Work item - All pictures are to be dropped, and the remaining data set down exactly.

Collected material -
───

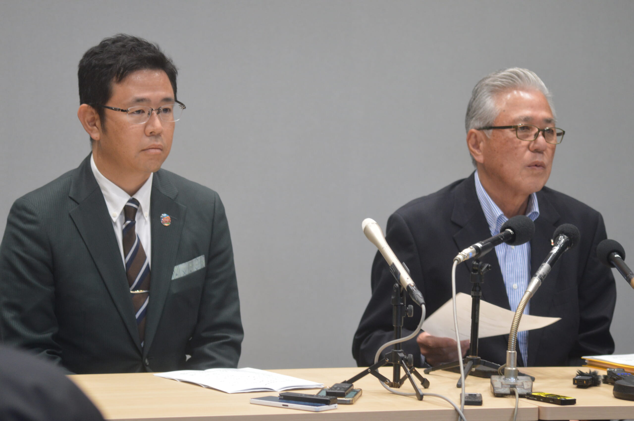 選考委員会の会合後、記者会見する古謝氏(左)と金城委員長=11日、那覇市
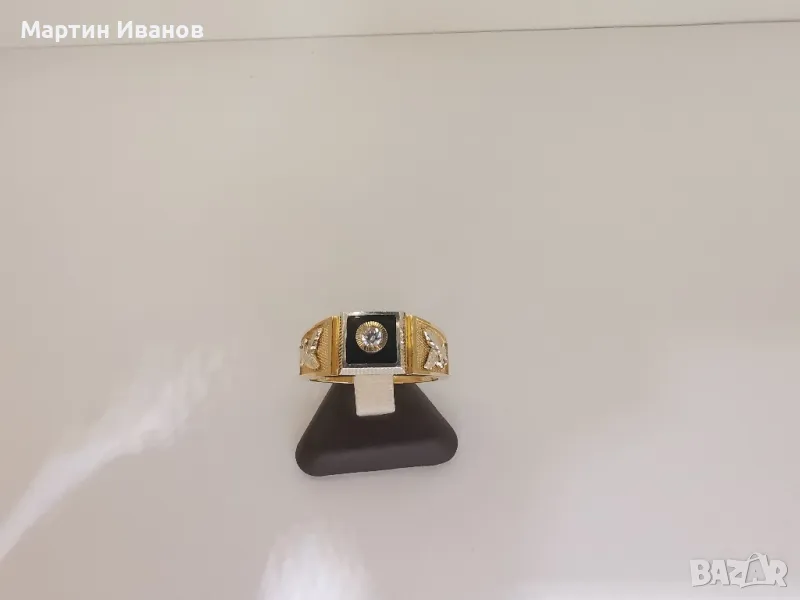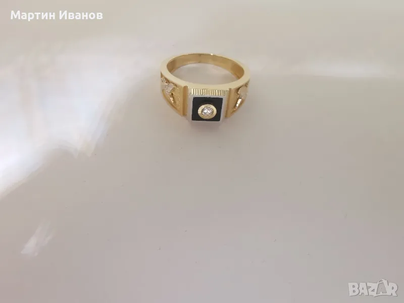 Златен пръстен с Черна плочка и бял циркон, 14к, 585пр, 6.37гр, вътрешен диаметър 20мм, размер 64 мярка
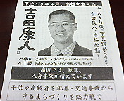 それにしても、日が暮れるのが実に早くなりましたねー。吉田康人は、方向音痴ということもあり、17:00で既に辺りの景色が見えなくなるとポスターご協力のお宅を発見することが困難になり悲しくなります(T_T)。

───

Written solution -
 選考委員会の会合後、記者会見する古謝氏(左)と金城委員長=11日、那覇市
 Златен пръстен с Черна плочка и бял циркон, 14к, 585пр, 6.37гр, вътрешен диаметър 20мм, размер 64 мярка
 それにしても、日が暮れるのが実に早くなりましたねー。吉田康人は、方向音痴ということもあり、17:00で既に辺りの景色が見えなくなるとポスターご協力のお宅を発見することが困難になり悲しくなります(T_T)。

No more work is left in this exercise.